I have 3 leucomelas, they are all the same size, no difference to toe pads, etc. 

When I first got them I was hopeful i had at least 1 male, but they are all butterballs. 

They are approx 7 months now.


----------



## Julio (Oct 8, 2007)

looks a like a female to me.


----------



## hexentanz (Sep 18, 2008)

DOH! Luckily another show is coming up.


----------



## divingne1 (Mar 21, 2008)

Does she look abnormally large to anyone? Does she always rest on her belly like that?


----------



## Philsuma (Jul 18, 2006)

Wow....please post a few more pics.

If not egg laden....and 7 months is a little on the early side.....it does look overweight.

My females, when egg laden, will def rest on their stomachs and have that pouched look but it's the sides of your frog that has me a little puzzled.

The side of the body looks stretched to the max......


----------



## hexentanz (Sep 18, 2008)

Here is two more pics of her. 

She does not always lay low to the ground only sometimes. 

I feed these guys Tues, Thurs and Sat & Sun ( I have also included their feeding chart )

HAH, ok while typing this up, I think i may have come across what may be a male leuc in my trio (or so I hope). His pics are last. And when I think about these two do spend a lot of time together. 

Please oh please, let the last one be a male.



EDIT* I found a pic of her from 1.25, I added this at the end.


----------



## hexentanz (Sep 18, 2008)

Does anyone have any thoughts with the new pics? Do they need a diet or should I be expecting the pitter patter of little feet soon?


----------



## littlefrog (Sep 13, 2005)

They look obese to me... Leucs are voracious feeders and have no concept of when to stop, in my experience. Try feeding them heavily once a week, or half as much twice a week. 

For me the only reliable way to tell gender is calling. You will know you have a male, they are loud.

I bought six froglets and all of them turned out female, it took me a while to find a male.


----------



## divingne1 (Mar 21, 2008)

They definately appear overweight to me. I was really concerned about the first picture as it looked almost bloated but the next set of pictures you posted looked more like an overweight frog. I had a leuc that was given to me that was quite large like that. She was stressed from the move for a while and didn't come out at all so she missed out on feedings. But now she has slimmed down and is usually out during the day foraging. I noticed an increase in activity after she lost some of her weight. Of course it is also probably due to getting used to her surroundings again but she looks great now.


----------



## hexentanz (Sep 18, 2008)

Thanks guys, I will get them on a diet pronto. 

I must admit i am a little bit puzzled and concerned though, they get the same amount of food as my 3 teribilis do and they are not overweight. :/


----------



## basshummper (Jan 13, 2008)

what is this "ofenfisch" your feeding them?


----------



## hexentanz (Sep 18, 2008)

basshummper said:


> what is this "ofenfisch" your feeding them?


opps I never did translate that, it's firebrats Firebrat - Wikipedia, the free encyclopedia


----------



## basshummper (Jan 13, 2008)

oh good, now i know a German word that isn't a swear.


----------



## Woodsman (Jan 3, 2008)

I have been raising and breeding leucs for about ten years and have to say they look fine to me.

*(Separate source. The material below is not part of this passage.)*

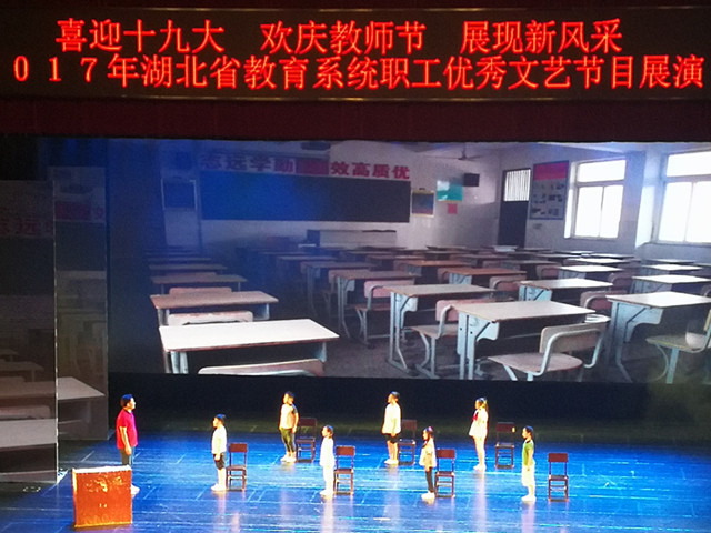 展演现场,武汉大学诗朗诵《我亲爱的祖国》、长江大学歌舞《浪遏飞舟》、黄石市教育工会话剧《最后一堂课》、武汉市长春街小学联唱《京剧荟萃》等节目精彩纷呈,内容丰富,高潮迭起,感染力强,充分体现了“喜迎十九大,欢庆教师节,展现新风采”的主题,全面展示了湖北省教职工孜孜以求、大爱无疆、无私奉献的精神。(图片:李道君)

Juvenile leucs can look very fat, but I find they won't eat more than is good for them. If there is too much food in the viv, it is still in there the next day. And I feed my frogs every day (twice a day for the little ones). These frogs will eat all day long in the wild, so restricting feeding to once or twice a week seems incorrect to me.

Also, all of my juveniles always look alike at this age to me. The females tend to be bigger and fatter at maturity, but this difference only really becomes apparent after a year or more. You can play back the leuc call to them now and some males will try to call back or become very agitated by the calling.

Good luck with them! Richard in Staten island.


----------



## dartsami (Oct 30, 2006)

My take on the sexes. The one your calling a female looks like a male to me, and the one you called a male looks like a female to me. 

The main trait I look for is the head region. Males have more of a disticnt head, with a neck where the females are triangular from the front of the head to the front legs.


----------



## hexentanz (Sep 18, 2008)

dartsami said:


> My take on the sexes. The one your calling a female looks like a male to me, and the one you called a male looks like a female to me.
> 
> The main trait I look for is the head region. Males have more of a disticnt head, with a neck where the females are triangular from the front of the head to the front legs.


I know this is a late reply, but i was recently out of the country.

You are correct, it turns out I have two males and one female.


----------